IBM, Amazon et Microsoft suspendent leur vente à la police.
Quelques mois plus tôt, en juillet 2019, le FBI était rappelé à l’ordre pour avoir utilisé une base de données de 641 millions de photos de permis de conduire d’Américains dans le cadre de ses enquêtes, sans en avoir informé le Congrès et les citoyens concernés. Dernière controverse en date : les biais raciaux des algorithmes de reconnaissance faciale, peu fiables sur les visages noirs et donc créateurs de discriminations policières. La mort de George Floyd, un citoyen américain noir, lors de son interpellation par la police en mai 2020, et le mouvement BlackLivesMatter qui a suivi, ont conduit IBM, Amazon et Microsoft à des décisions radicales : la suspension de la vente de leurs logiciels de reconnaissance faciale aux forces de l’ordre. Pour Arvind Krishna, PDG d’IBM, « le moment est venu de démarrer un dialogue national pour savoir si et comment les technologies de reconnaissance faciale doivent être utilisées par les forces de l’ordre ».
San Francisco et Boston font marche arrière
Certaines villes font également marche arrière. San Francisco, berceau de la haute technologie, est devenue la première ville américaine en mai 2019 à interdire la reconnaissance faciale à ses services de police et à la municipalité. « La propension de cette technologie à mettre en danger les libertés civiles surpasse substantiellement ses bénéfices supposés.
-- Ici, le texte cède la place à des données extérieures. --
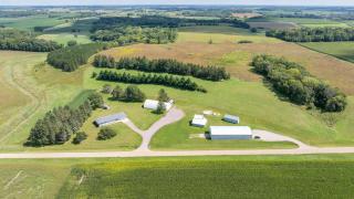 The perfect blend of country living and space with this 4 bedroom, 3 bathroom spacious rambler set on a beautiful 18.67 acre parcel. The home features hardwood floors, stainless steel appliances, radiant heat, and forced-air A/C for year-round comfort. With 4 bedrooms all on one level, the layout is both functional and family-friendly. An oversized, finished two-stall garage with a floor drain adds convenience, while the property includes impressive outbuildings: a 44x100 shed, 40x80 quonset shed, and a 12x40 shed, offering endless storage or hobby space. The home is solid and well cared for & offers an excellent opportunity to update and bring it to today’s modern style. With open acreage and room to grow, this property is ideal for those craving country living.
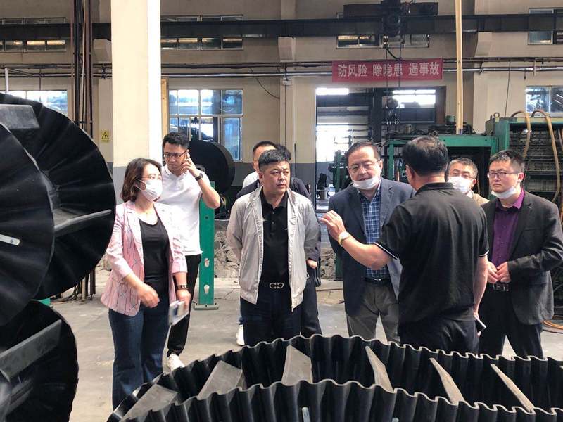 随后,一行人来到会议室,宋经理介绍了公司的主要经营范围,该公司是国内主要从事输送带产品设计和制造的专业生产厂家,输送带系列产品在国际、国内都具有很高的信誉及一定的知名度。公司主要产品包括普通输送带、钢丝绳芯输送带、阻燃输送带、防撕裂提升带、耐热耐灼烧输送带、耐油、耐酸碱输送带、人字花纹输送带等,产品广泛应用于矿山、码头、水泥、冶金、化工电力等行业。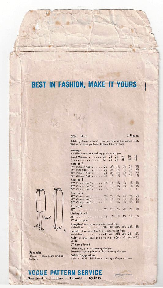 Vogue 6234 Womens Pencil Skirts 1960s Vintage Sewing Pattern Waist 24 inches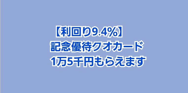 【利回り9.4%】記念優待クオカード15000円もらえます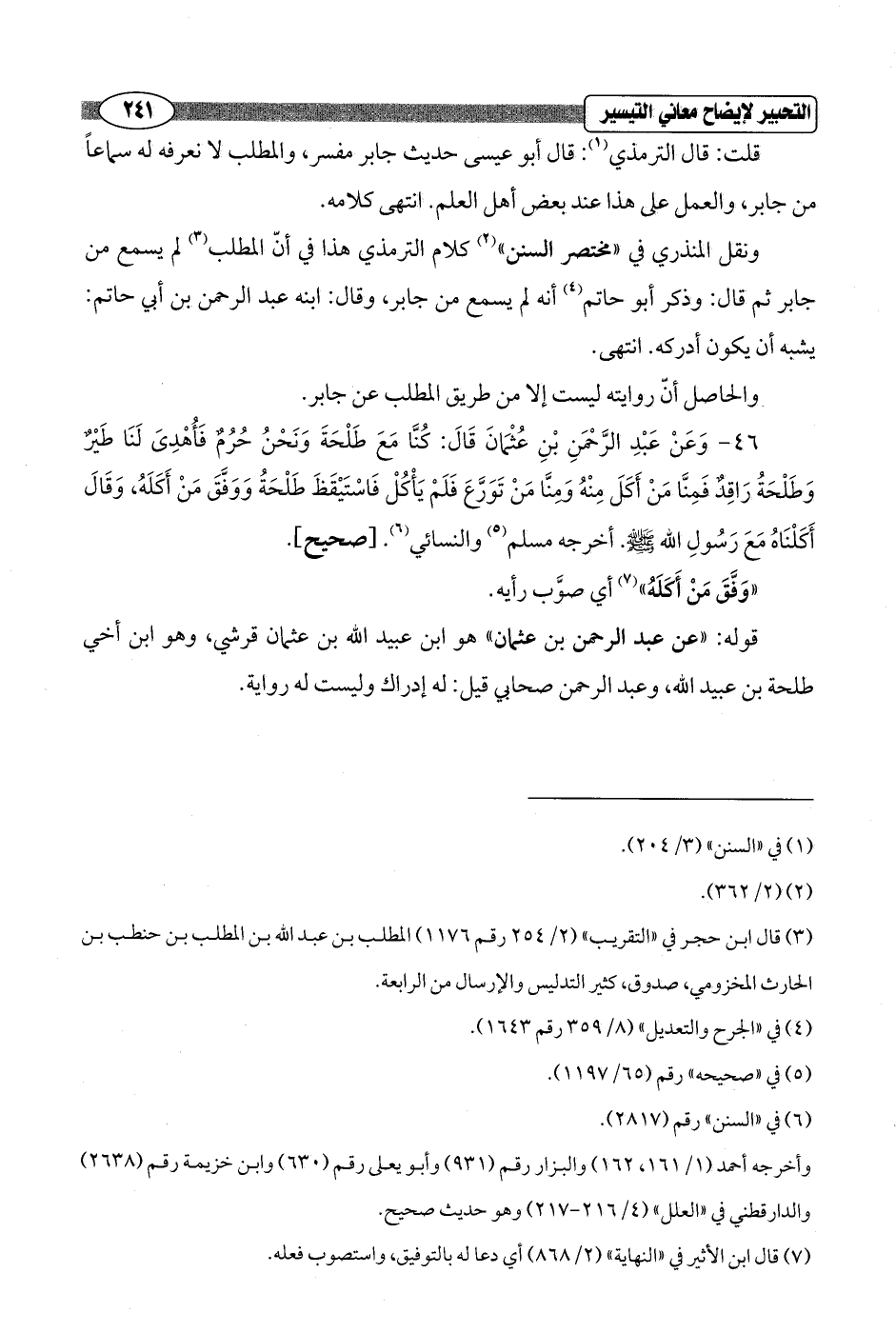 ونقل المنذري في "مختصر السنن" (¬2) كلام الترمذي هذا في أنّ المطلب (¬3) لم يسمع من جابر ثم قال: وذكر أبو حاتم (¬4) أنه لم يسمع من جابر، وقال: ابنه عبد الرحمن بن أبي حاتم: يشبه أن يكون أدركه. انتهى.

La technologie va exacerber les injustices raciales et menacer notre capacité à vivre libres de la surveillance permanente du gouvernement », argumente le texte du décret municipal. Depuis, d’autres villes ont suivi, comme Oakland, Sommerville ou Boston en juin 2020.
Vers un moratoire fédéral ?
Ce mouvement critique atteint l’Etat fédéral. En février 2020, deux sénateurs, Cory Booker et Jeff Merkley, ont déposé une proposition de moratoire de l’usage de la reconnaissance faciale pour toute entité fédérale ou locale (services de police, renseignement, police aux frontières), jusqu’à ce qu’un cadre législatif clair soit mis au point. Cory Booker craint en effet que cette technologie ne « prive les citoyens d’un niveau raisonnable d’anonymat », « affecte les minorités ethniques » et « entrave la liberté d’expression ». « Le Congrès doit établir des règles pour un usage responsable de cette technologie par les forces de l’ordre », selon l’élu démocrate. Pour Jeff Merkley, l’encadrement est urgent, « avant que ce marché non régulé ne devienne trop gros pour être maîtrisé ». Le débat est donc lancé aux Etats-Unis. Mais il se limite pour l’instant à l’usage sécuritaire de cette technologie, occultant son utilisation, certes plus discrète, dans les magasins, les stades, et sur les réseaux sociaux.